##### Material shown #####

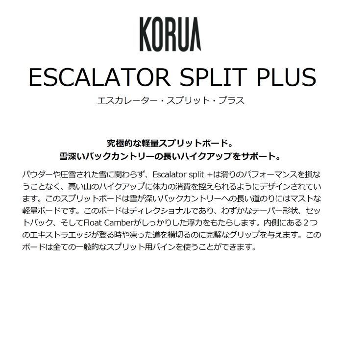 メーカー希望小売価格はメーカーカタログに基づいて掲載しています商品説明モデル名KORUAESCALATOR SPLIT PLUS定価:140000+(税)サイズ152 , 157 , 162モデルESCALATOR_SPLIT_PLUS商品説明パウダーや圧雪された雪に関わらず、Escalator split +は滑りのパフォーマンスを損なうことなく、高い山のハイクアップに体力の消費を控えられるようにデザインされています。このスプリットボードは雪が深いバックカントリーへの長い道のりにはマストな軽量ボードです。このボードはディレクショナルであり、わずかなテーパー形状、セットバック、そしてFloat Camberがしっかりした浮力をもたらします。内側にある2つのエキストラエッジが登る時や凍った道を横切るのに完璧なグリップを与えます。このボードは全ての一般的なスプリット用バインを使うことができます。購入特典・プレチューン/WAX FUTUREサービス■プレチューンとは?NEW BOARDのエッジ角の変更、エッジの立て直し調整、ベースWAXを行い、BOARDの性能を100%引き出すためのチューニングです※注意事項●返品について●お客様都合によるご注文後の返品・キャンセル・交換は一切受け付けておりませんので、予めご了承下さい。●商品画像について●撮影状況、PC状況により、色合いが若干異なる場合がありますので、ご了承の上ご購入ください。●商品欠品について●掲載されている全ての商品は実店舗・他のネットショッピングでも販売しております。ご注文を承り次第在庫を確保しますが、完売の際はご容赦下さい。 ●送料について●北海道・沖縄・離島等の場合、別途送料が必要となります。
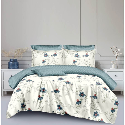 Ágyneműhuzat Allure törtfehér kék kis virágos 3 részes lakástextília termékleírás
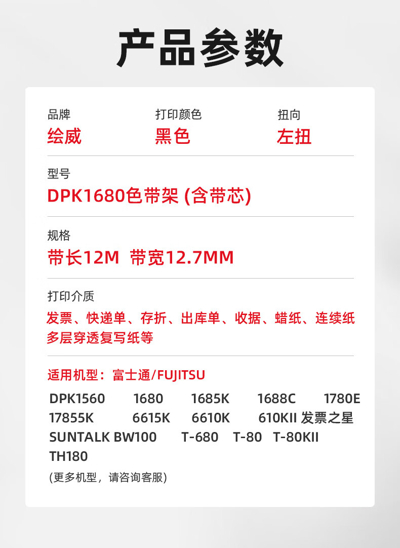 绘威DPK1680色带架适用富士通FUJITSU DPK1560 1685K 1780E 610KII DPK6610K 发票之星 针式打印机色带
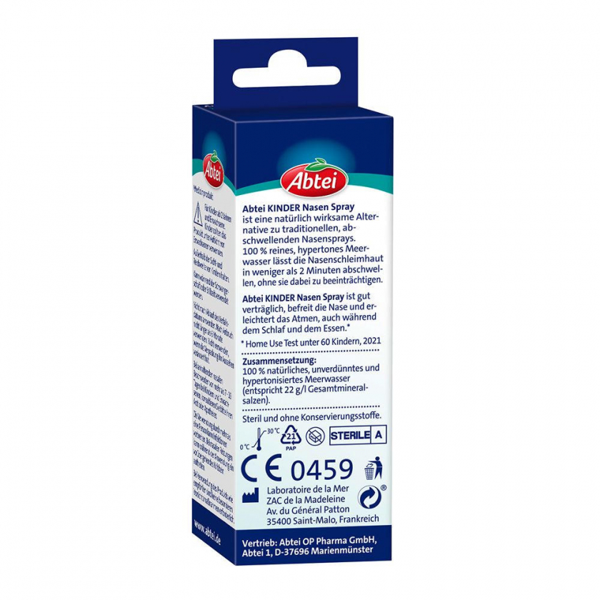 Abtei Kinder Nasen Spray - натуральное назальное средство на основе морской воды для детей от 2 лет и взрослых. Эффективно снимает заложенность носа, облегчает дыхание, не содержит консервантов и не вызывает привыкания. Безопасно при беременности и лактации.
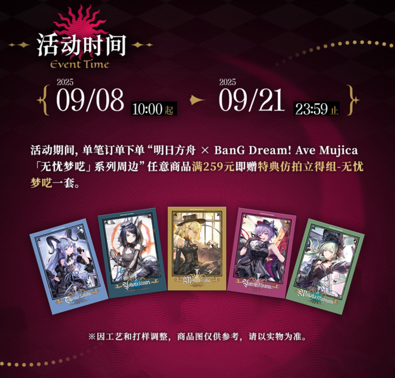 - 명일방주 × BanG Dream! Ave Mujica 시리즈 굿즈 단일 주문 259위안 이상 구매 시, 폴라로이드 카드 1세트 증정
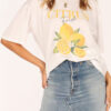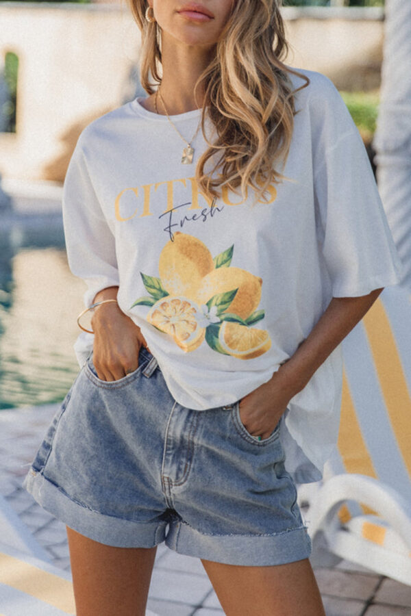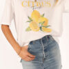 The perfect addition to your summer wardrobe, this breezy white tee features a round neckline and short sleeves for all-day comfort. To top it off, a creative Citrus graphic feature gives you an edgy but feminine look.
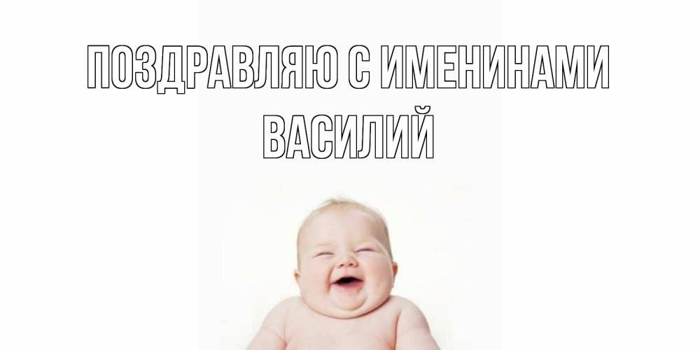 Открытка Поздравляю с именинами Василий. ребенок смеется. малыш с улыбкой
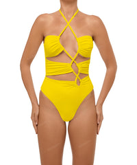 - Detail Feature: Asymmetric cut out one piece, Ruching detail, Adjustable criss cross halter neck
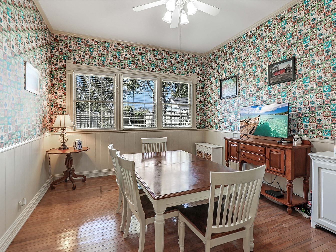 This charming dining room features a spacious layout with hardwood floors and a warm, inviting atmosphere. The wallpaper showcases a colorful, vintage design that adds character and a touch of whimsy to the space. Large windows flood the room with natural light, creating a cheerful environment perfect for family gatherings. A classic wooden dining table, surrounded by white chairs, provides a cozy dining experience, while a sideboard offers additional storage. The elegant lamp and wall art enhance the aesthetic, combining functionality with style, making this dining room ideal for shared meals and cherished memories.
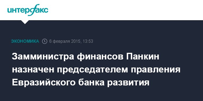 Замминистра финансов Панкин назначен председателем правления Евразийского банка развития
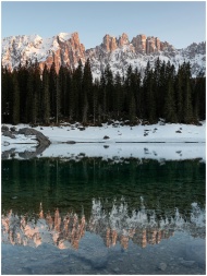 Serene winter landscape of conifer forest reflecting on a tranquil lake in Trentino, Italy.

#####

• _What needs to be done_
Omit the pictures and return exactly the lines from the line containing "- Detail Feature: Asymmetric" through the final line of the material above, both ends included.

• _Response to the task_
 - Detail Feature: Asymmetric cut out one piece, Ruching detail, Adjustable criss cross halter neck
 This charming dining room features a spacious layout with hardwood floors and a warm, inviting atmosphere. The wallpaper showcases a colorful, vintage design that adds character and a touch of whimsy to the space. Large windows flood the room with natural light, creating a cheerful environment perfect for family gatherings. A classic wooden dining table, surrounded by white chairs, provides a cozy dining experience, while a sideboard offers additional storage. The elegant lamp and wall art enhance the aesthetic, combining functionality with style, making this dining room ideal for shared meals and cherished memories.
 Замминистра финансов Панкин назначен председателем правления Евразийского банка развития
 Serene winter landscape of conifer forest reflecting on a tranquil lake in Trentino, Italy.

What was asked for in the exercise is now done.